■ RECORDS FOR PROCESSING
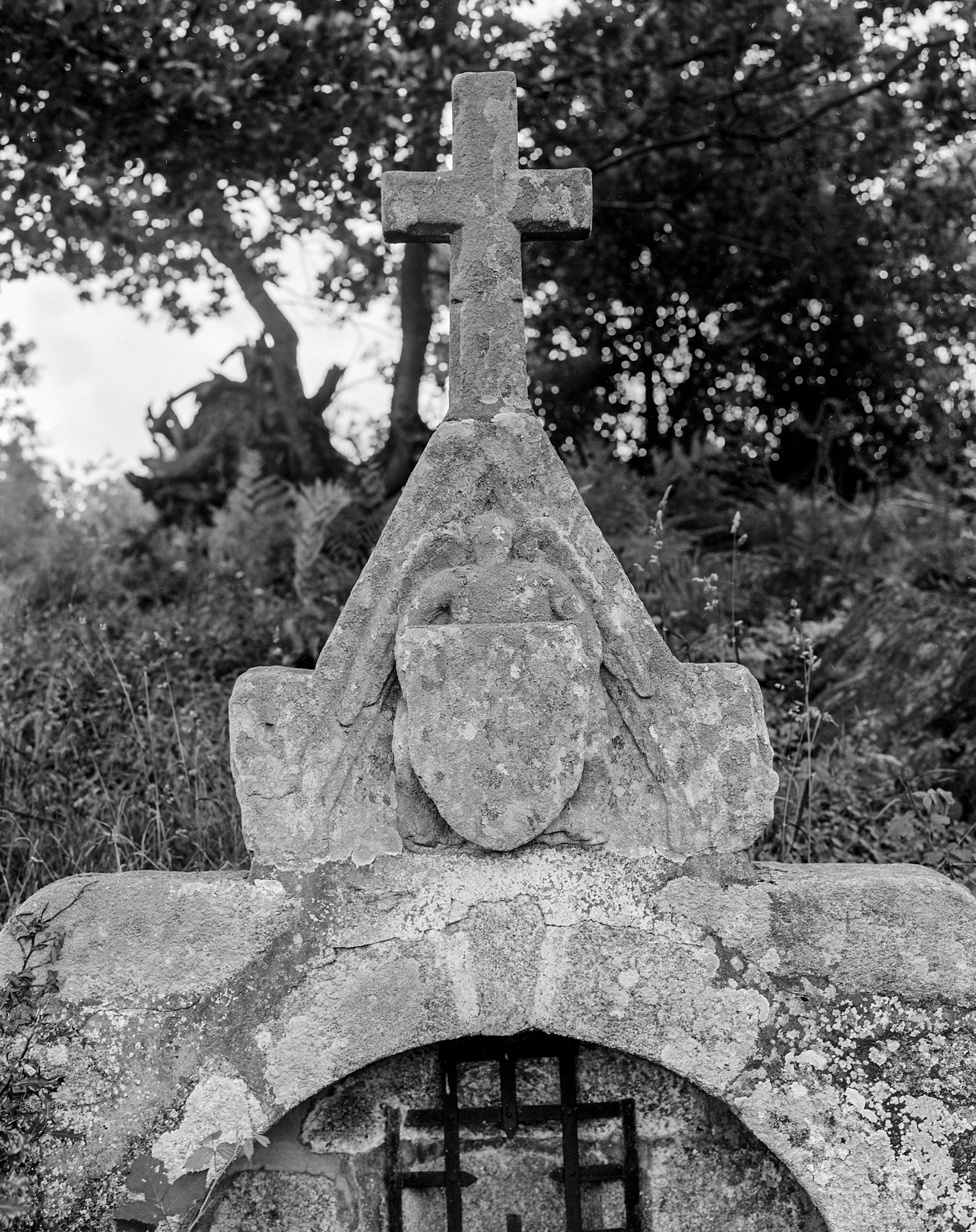 Fontaine de dévotion : partie supérieure. Détail du blason (état en 1985)Immatriculation
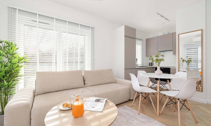 This tastefully designed apartment, measuring 33.49 m², ensures a comfortable stay for up to 4 guests, making it an ideal retreat for families or groups of friends. The elegant harmony of white and beige tones lends the interiors a modern character, while carefully selected accessories create a warm, homely atmosphere. The layout includes a living room with a kitchenette, a bedroom, a bathroom with a shower, and a balcony. The living room offers the perfect space to relax and spend time with loved ones – a soft, fold-out sofa with a sleeping function for two invites relaxation, and the balcony provides an opportunity to enjoy a morning coffee in the fresh air. The living room is also equipped with air conditioning, ensuring a pleasant temperature on hot days. The kitchenette blends seamlessly with the interior design and is equipped with high-quality appliances such as an oven, induction hob, and dishwasher, making it perfect for culinary experiments. The spacious bedroom features a comfortable double bed and a large wardrobe, ideal for storing clothes and luggage. The stylish bathroom, finished in green tones with elegant golden accents, offers not only a shower but also a hairdryer and washing machine, enhancing the convenience of your stay. Evening entertainment is provided by a Smart TV with cable channels and free Wi-Fi access. Guests are welcomed with a set of toiletries, towels, and bed linen. An additional benefit of the apartment is the designated parking space, adding to the comfort of your stay. This is the perfect place for those who value modern style and comfort in a warm, cozy atmosphere.
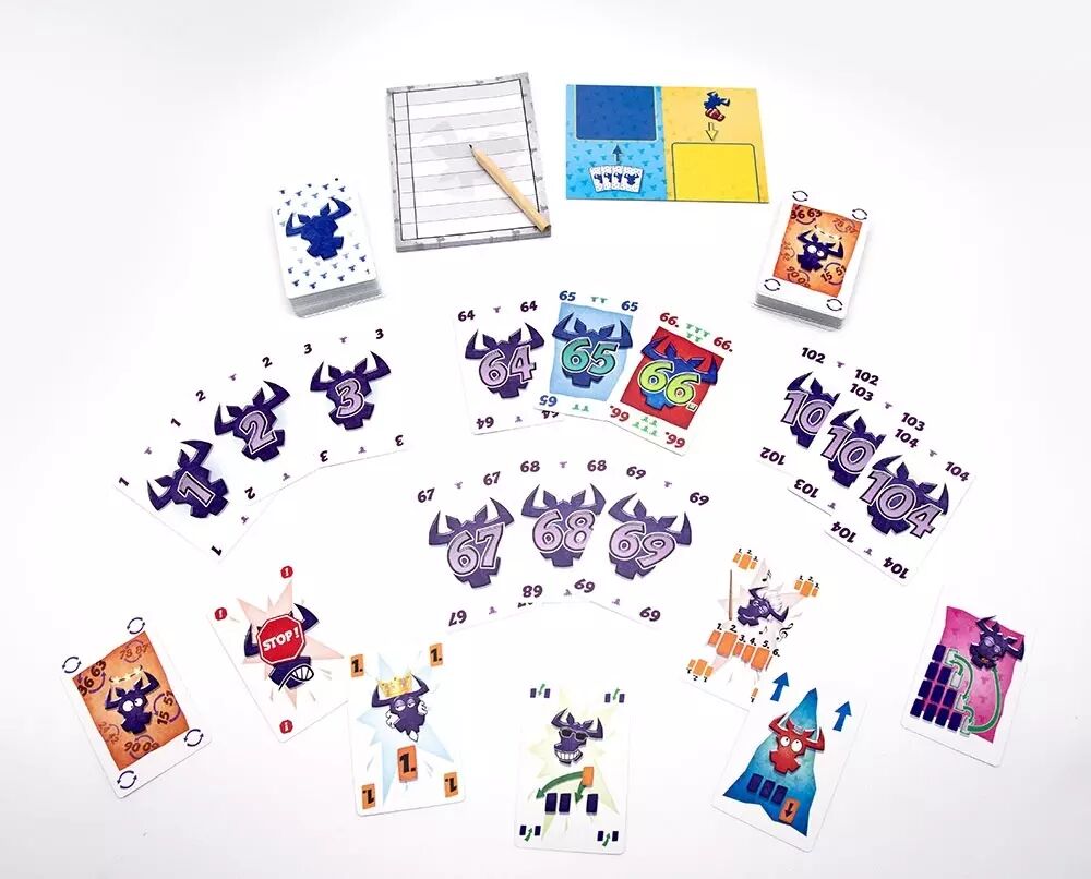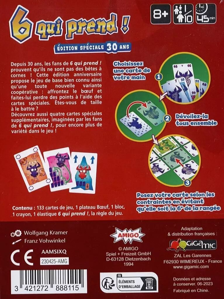 Jouez vos cartes numérotées dans l’une des quatre rangées, mais réfléchissez-bien pour éviter de subir des vacheries. Dans 6 qui prend !, celui qui joue la sixième carte d’une série doit en ramasser les cinq premières, et les points négatifs qui viennent avec ! Dans cette édition anniversaire, le jeu de base s’accompagne de quatre cartes spéciales de fans qui vont diversifier vos parties et les rendre plus amusantes.
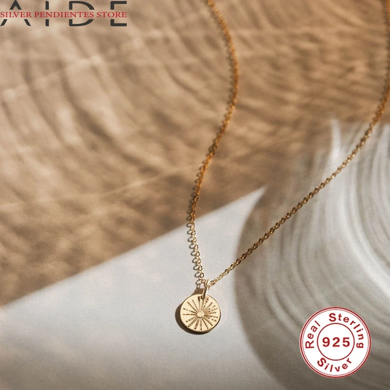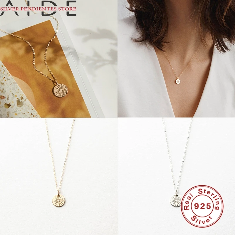 AIDE модное ожерелье для женщин 925 стерлингового серебра ювелирные изделия женские круглые брендовые подвеска, золотая цепочка Naszyjnik
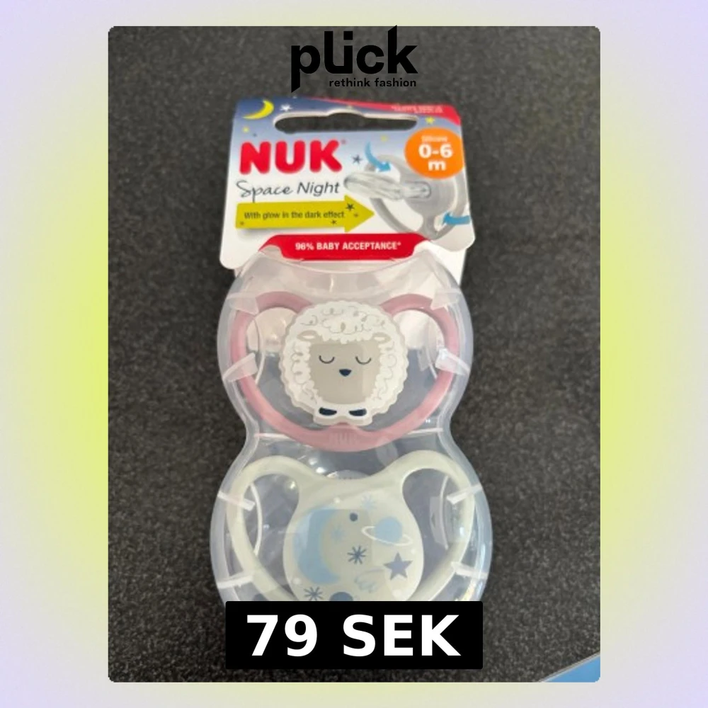 NUK Space Night napp för 0-6 månader, med glow in the dark-effekt. Säljs i originalförpackning, helt ny och oanvänd. BPA-fri silikon, tillverkad i Tyskland. Söt design med får och rymdmotiv, perfekt för natten. Helt nyköpt men köpte för många!
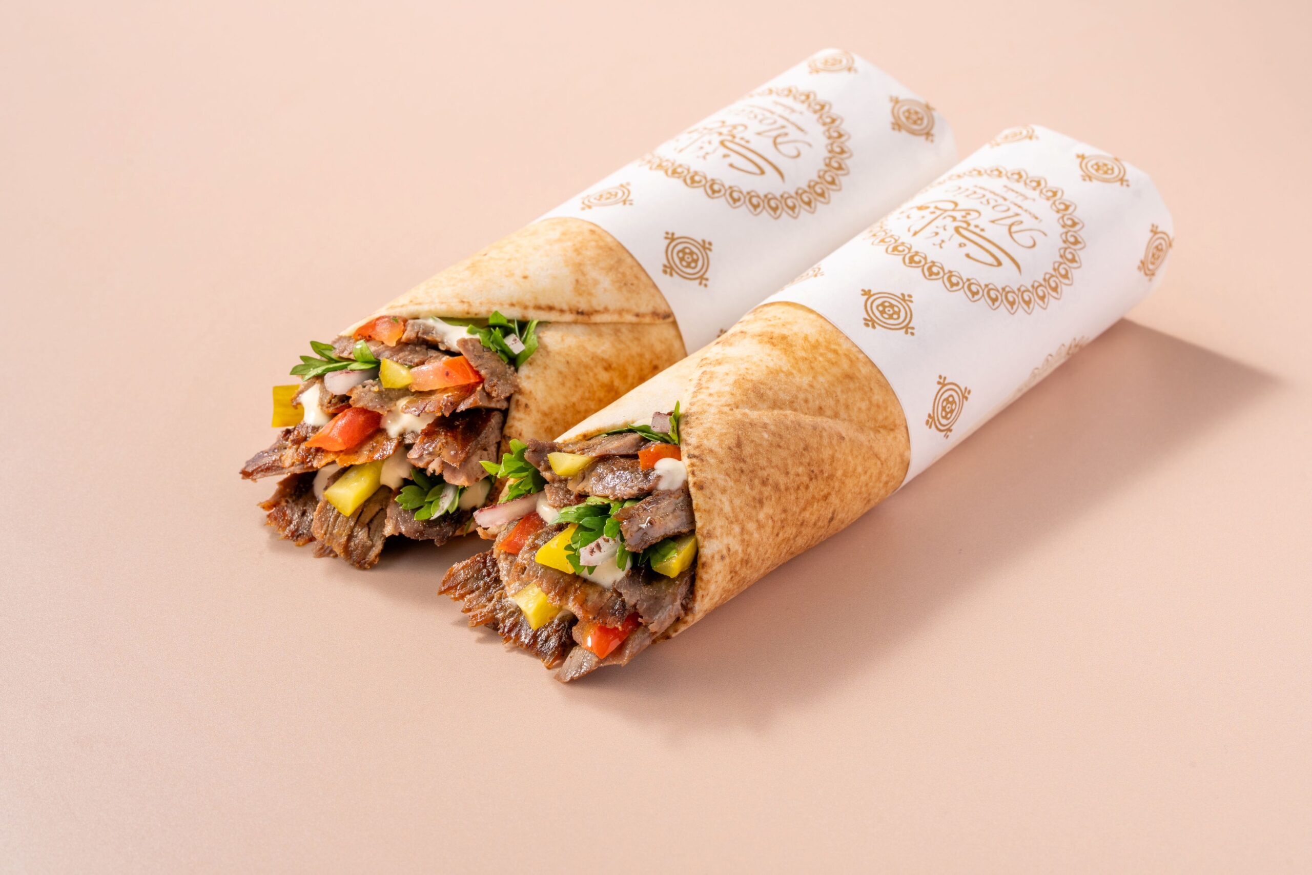 Two traditional Lebanese meat shawarma sandwiches with tomato, pickles, onions, fresh parsley, and tahini sauce.
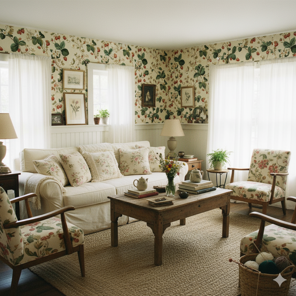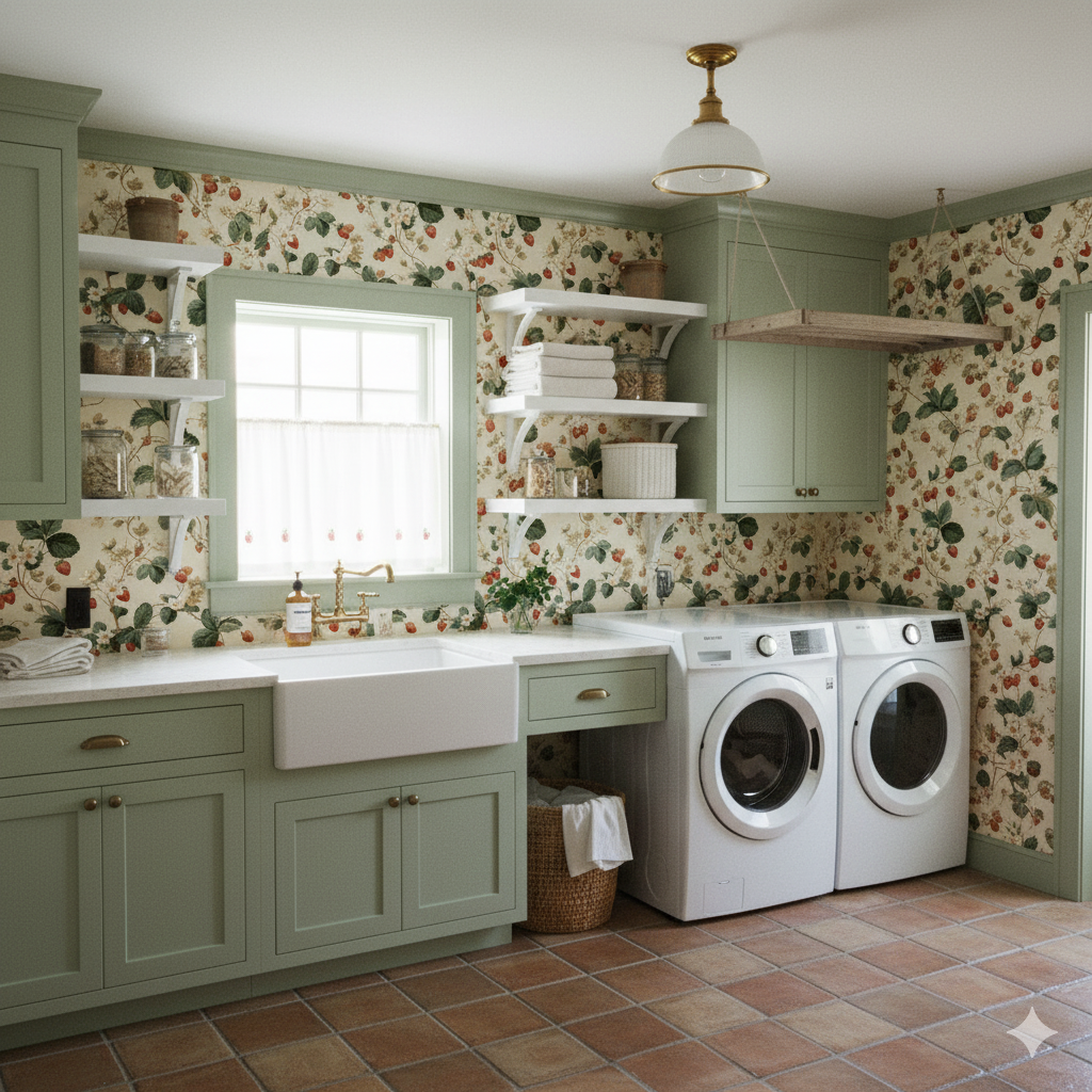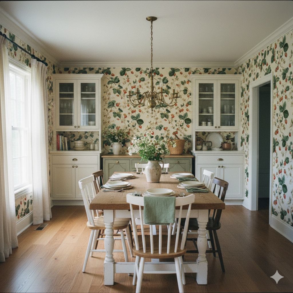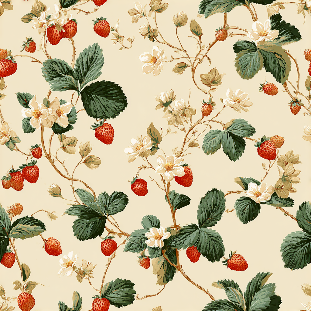 A pastoral dream reimagined for modern interiors, Berryvale celebrates the beauty of strawberry fields in bloom. Lush leaves, delicate blossoms, and ripened fruit intertwine across a butter-cream background, painted in soft botanical hues of green, ivory, and crimson. The detailing feels lifted from 19th-century engravings—refined yet comforting. Perfect for kitchens, conservatories, or countryside homes, Berryvale adds freshness and storytelling to the walls, capturing that feeling of summer abundance year-round.
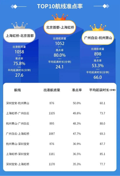 航班量十大客运航线中,首都北京—上海虹桥准点率高,出港航班量共计1052架次,准点率为80%。
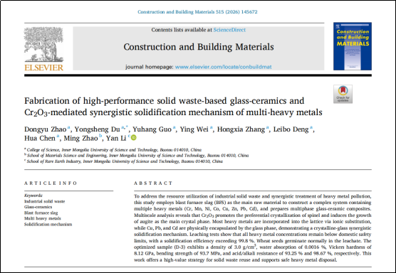 近日,《Construction and Building Materials》(中科院1区TOP期刊,JCR分区:Q1,影响因子8.0)刊发了我院硕士研究生学术论文“Fabrication of high-performance solid waste-based glass-ceramics and Cr2O3-mediated synergistic solidification mechanism of multi-heavy metals”。我院2023级物理学专业硕士研究生赵东宇为该论文第一作者,物理学硕士生导师杜永胜教授为通讯作者。该研究小组依托我院“白云鄂博矿多金属资源综合利用”平台开展相关研究。

■ TASK STATEMENT
The answer should consist only of the lines above from the one with "Jouez vos cartes" through the one with "航班量十大客运航线中,首都北", repeated exactly, with no pictures among them.

■ SOLUTION TO THIS TASK
 Jouez vos cartes numérotées dans l’une des quatre rangées, mais réfléchissez-bien pour éviter de subir des vacheries. Dans 6 qui prend !, celui qui joue la sixième carte d’une série doit en ramasser les cinq premières, et les points négatifs qui viennent avec ! Dans cette édition anniversaire, le jeu de base s’accompagne de quatre cartes spéciales de fans qui vont diversifier vos parties et les rendre plus amusantes.
 AIDE модное ожерелье для женщин 925 стерлингового серебра ювелирные изделия женские круглые брендовые подвеска, золотая цепочка Naszyjnik
 NUK Space Night napp för 0-6 månader, med glow in the dark-effekt. Säljs i originalförpackning, helt ny och oanvänd. BPA-fri silikon, tillverkad i Tyskland. Söt design med får och rymdmotiv, perfekt för natten. Helt nyköpt men köpte för många!
 Two traditional Lebanese meat shawarma sandwiches with tomato, pickles, onions, fresh parsley, and tahini sauce.
 A pastoral dream reimagined for modern interiors, Berryvale celebrates the beauty of strawberry fields in bloom. Lush leaves, delicate blossoms, and ripened fruit intertwine across a butter-cream background, painted in soft botanical hues of green, ivory, and crimson. The detailing feels lifted from 19th-century engravings—refined yet comforting. Perfect for kitchens, conservatories, or countryside homes, Berryvale adds freshness and storytelling to the walls, capturing that feeling of summer abundance year-round.
 航班量十大客运航线中,首都北京—上海虹桥准点率高,出港航班量共计1052架次,准点率为80%。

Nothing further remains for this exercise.